Some analysts believe that spending on A.I.-specific hardware, such as Nvidia’s chips and systems that use them, is drawing money away from spending on other data center infrastructure. IDC, a market research firm, estimates that cloud services will increase their spending on server systems for A.I. by 68 percent over the next five years.

While Google, Amazon, Meta, IBM and others have also produced A.I. chips, Nvidia today accounts for more than 70 percent of A.I. chip sales and holds an even bigger position in training generative A.I. models, according to the research firm Omdia.

Demand is particularly heavy for the H100, a new GPU made by Nvidia for A.I. applications, which began shipping in September. Large and small companies have been scrambling to find supplies of the chips, which are fabricated in an advanced production process and require equally sophisticated packaging that combines GPUs with special memory chips.

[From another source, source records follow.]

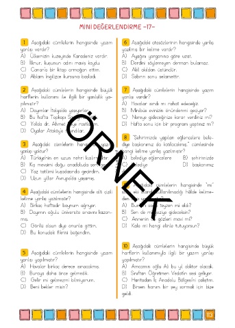 2 Aşağıdaki cümlelerin hangisinde büyük 7 Aşağıdaki cümlelerin hangisinde yazım
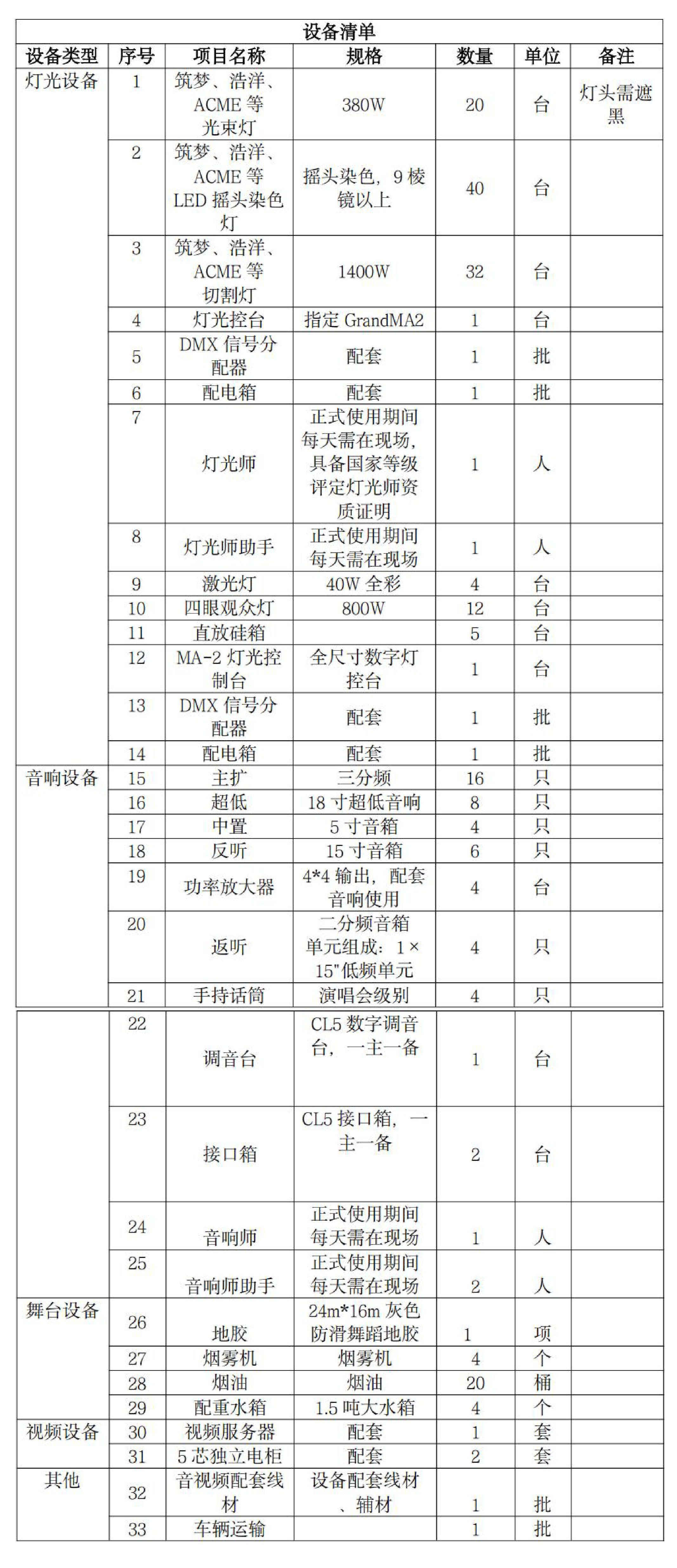 采购需求:暂定11月25-11月30日需要使用以下舞美设备
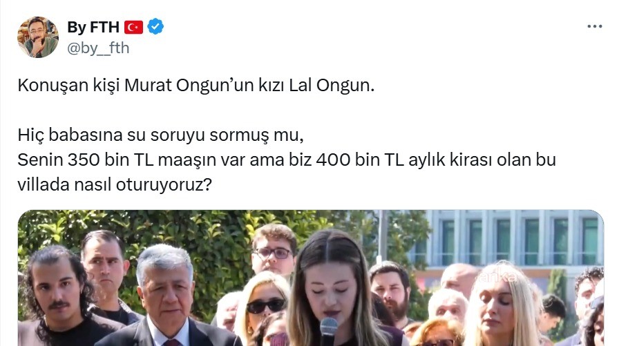 Yolsuzluk soruşturması zanlısı Murat Ongun’un kızı Lal Ongun, Saraçhane’de kameralar karşısına geçip açıklama yaparken, kullandığı ifadelere sosyal medyadan tepki yağdı.
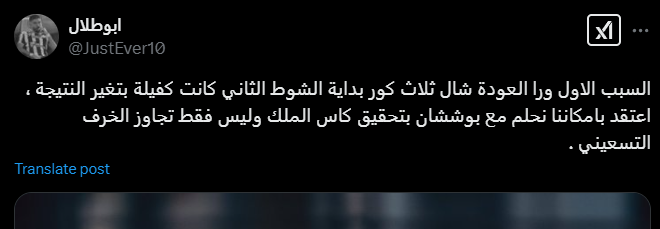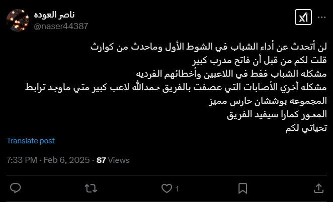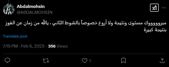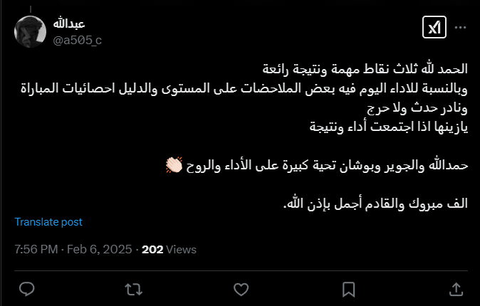A505_c: «Слава Богу, три важных очка и отличный результат. Что касается сегодняшнего выступления, то есть несколько замечаний по уровню, и доказательством тому служит статистика матча. Редко можно встретить что-то подобное. Как прекрасно, когда результативность и результаты сходятся воедино Хамдалла, Аль-Джовайр и Бушан, большой респект за игру и дух. Поздравляем, и пусть будущее будет еще прекраснее».
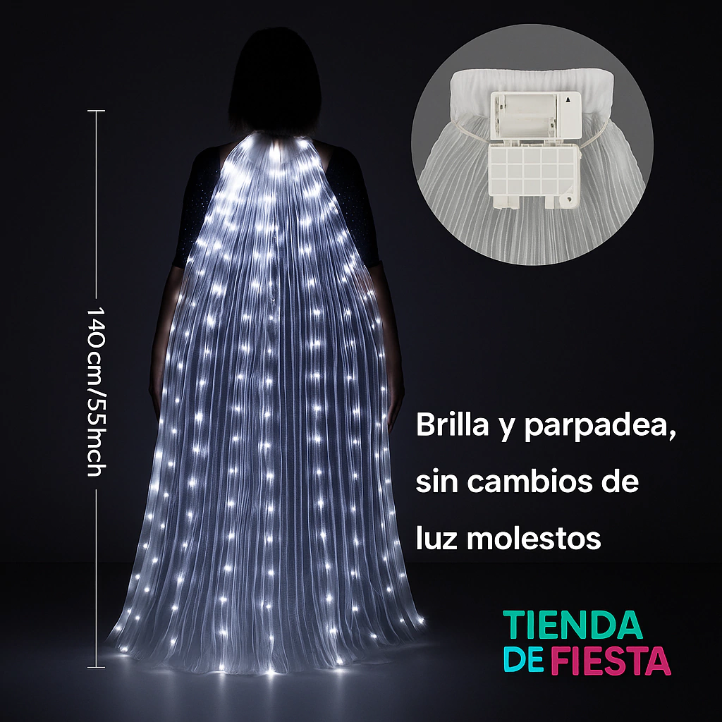 Transforma tus eventos con la Capa LED Blanca. Con una longitud extendida de 300 cm y altura de 145 cm, es ideal para personas de 150 a 175 cm. Esta capa cuenta con 120 luces LED que brindan una iluminación perfecta para cualquier ocasión.
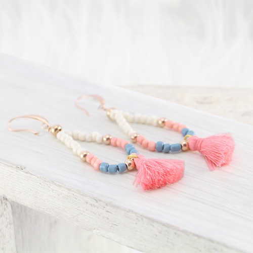 Die Ohrringe sind aus DQ Material gemacht, Sommer Quaste und verschiedene Farben Rocailles. Das Armband was dazu gemacht wurde ist aus Azteke Kordel mit einer Muschel Perle und einem DQ Anhänger. Dadurch wird das Armband noch schöner! Das 3 in 1 Armband ist auch echt eine super Kombination! Die Farben des Armbandes sind neutral aber auch fröhlich. Das kommt durch das Dremz Band und die Fasssung mit einem Swarovski SS39 flatback.
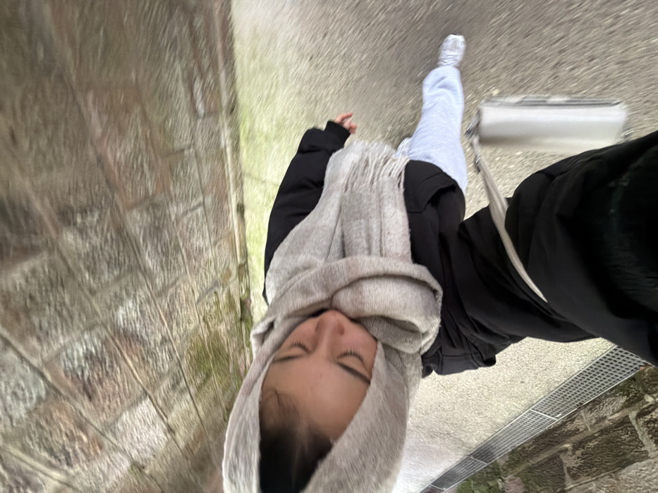 The image captures a first-person, slightly downward-angled perspective of a female subject walking outdoors in Obermodern-Zutzendorf, France. The subject's head and upper torso are visible, with her eyes closed or looking downwards, wearing a light grey scarf wrapped around her head and neck, over a black jacket. Below the jacket, light blue sweatpants and white sneakers are visible. A white rectangular bag with a white strap hangs near her lower right side. To the left, a metal drainage grate runs parallel to the walking surface. The ground consists of a light-colored paved path with patches of green growth. Above the subject, a curved, vaulted ceiling or wall constructed from irregular, reddish-brown and grey stones is visible. The scene suggests casual movement in an outdoor, possibly underpass or archway, setting.
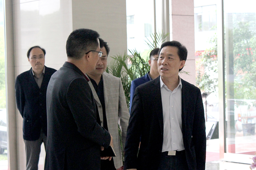 峽峰電子公司負(fù)責(zé)人嚴(yán)總向郭主席一行介紹公司產(chǎn)品
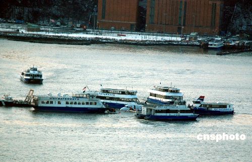 1月15日,在美國紐約的哈德遜河上,救援人員對墜河飛機上的乘客實施營救。中新社發(fā) 魏晞 攝
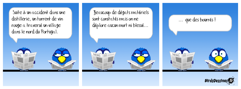 Case 1:Bird 1: Suite à un accident dans une distillerie, un torrent de vin rouge a traversé un village dans le nord du Portugal. | Case 2: Bird 1: Beaucoup de dégats matériels sont constatés mais on ne déplore aucun mort ni blessé... | Case 3: Bird 1: ... que des bourrés !
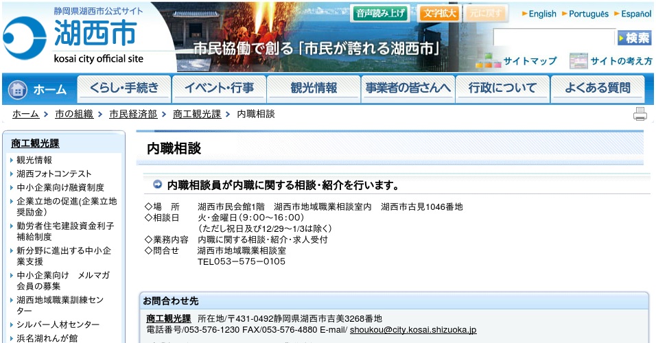 湖西市の公式ホームページになります。湖西市では湖西市民会館にて内職に関する情報提供や相談受付などを行っているようです。ホームページでの求人情報の公開などは行っていないので来所や電話での問い合わせで情報を得ることが出来ます。相談員の方に直接相談できるので初めて内職を考えている方も安心して利用できると思います。
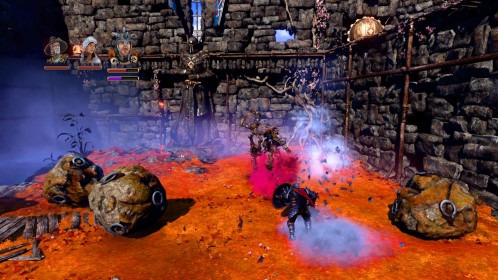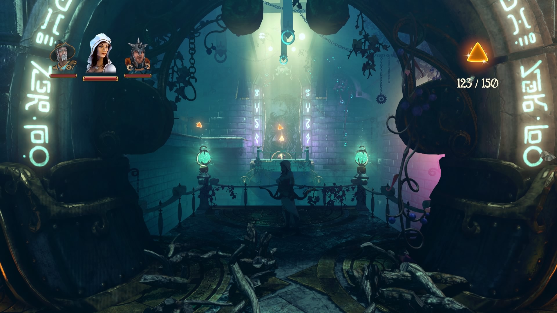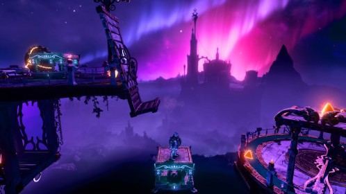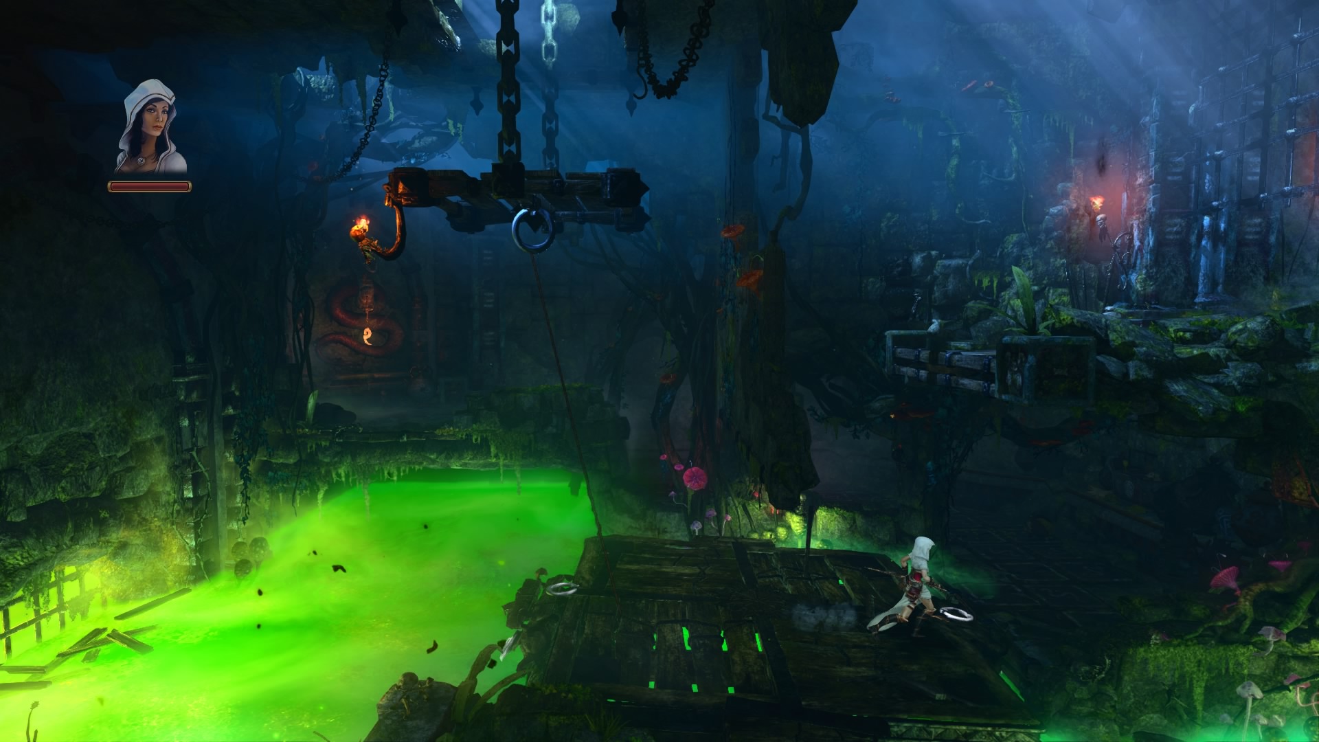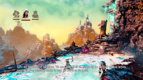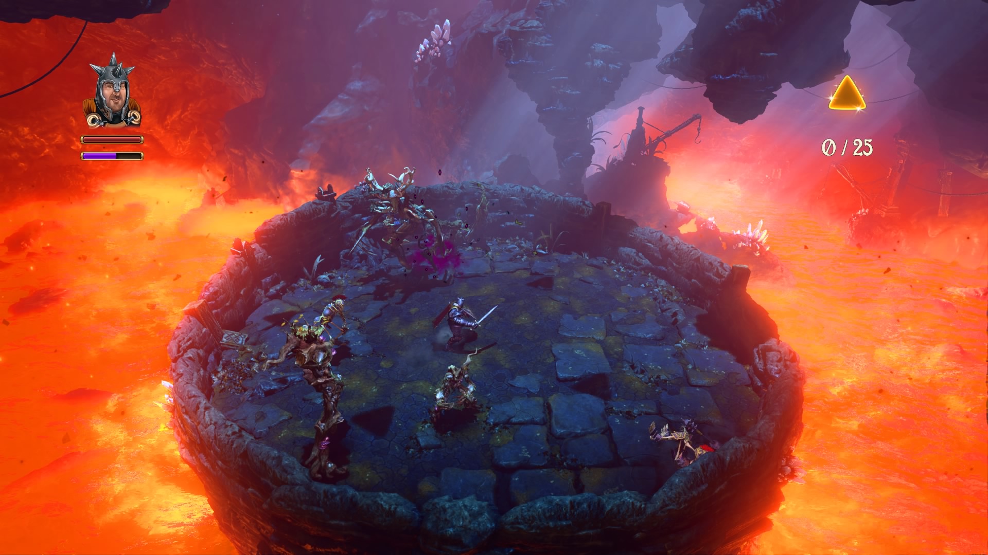 Pozostając w temacie poziomów zostały one podzielone na wprowadzenie postaci, poziomy fabularne i mniejsze dodatkowe. Poziomy fabularne są standardowymi długimi planszami. Teraz po przejściu możemy zaliczać ich konkretne fragmenty, w których pominęliśmy trójkąty. Dodatkowo mamy też mniejsze poziomy, które polegają na rozwiązaniu prostej zagadki, zwykłym przejściu lub też bywają standardowymi killroomami. Tu jest właśnie pies pogrzebany, zawartości w tej grze brakuje na każdym kroku. Przejście całości to zaledwie 5 godzin. Wyzbieranie wszystkiego zajmuje kolejną godzinę, maks dwie. Już nie wspominając jak ekipa z Frozenbyte postanowiła zakończyć tę “część”. Nic się nie rozwiązuje, a my dostajemy prosty przekaz – do zobaczenia. I to podany w sposób jak byśmy faktycznie zobaczyli 1/3 całego produktu.
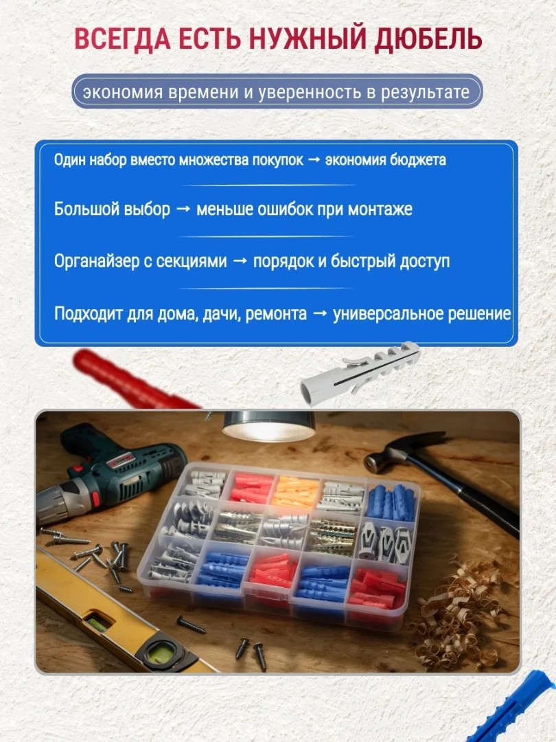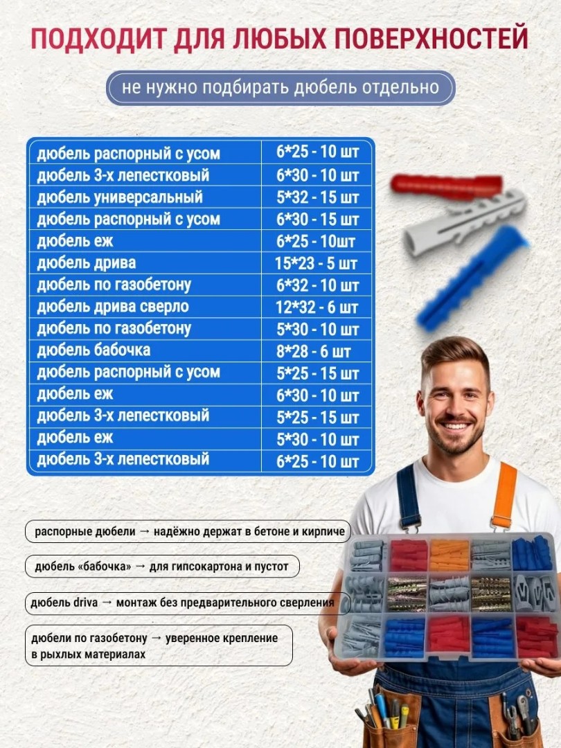 Набор крепежа " Домашний №3 " саморезы+дюбеля - 275 шт

Nvidia’s ability to increase deliveries of the H100 is largely linked to actions by Taiwan Semiconductor Manufacturing Company, which handles the packaging as well as fabricating the GPUs.

Industry executives expect the shortage of H100s to extend throughout 2024, a problem for A.I. start-ups and cloud services hoping to sell computing services that exploit the new GPUs.

Mr. Huang said the company was working diligently with its production partners to get more chips to market, including working with other companies to supplement TSMC’s packaging capability. “Supply will substantially increase the rest of this year and next year,” he said.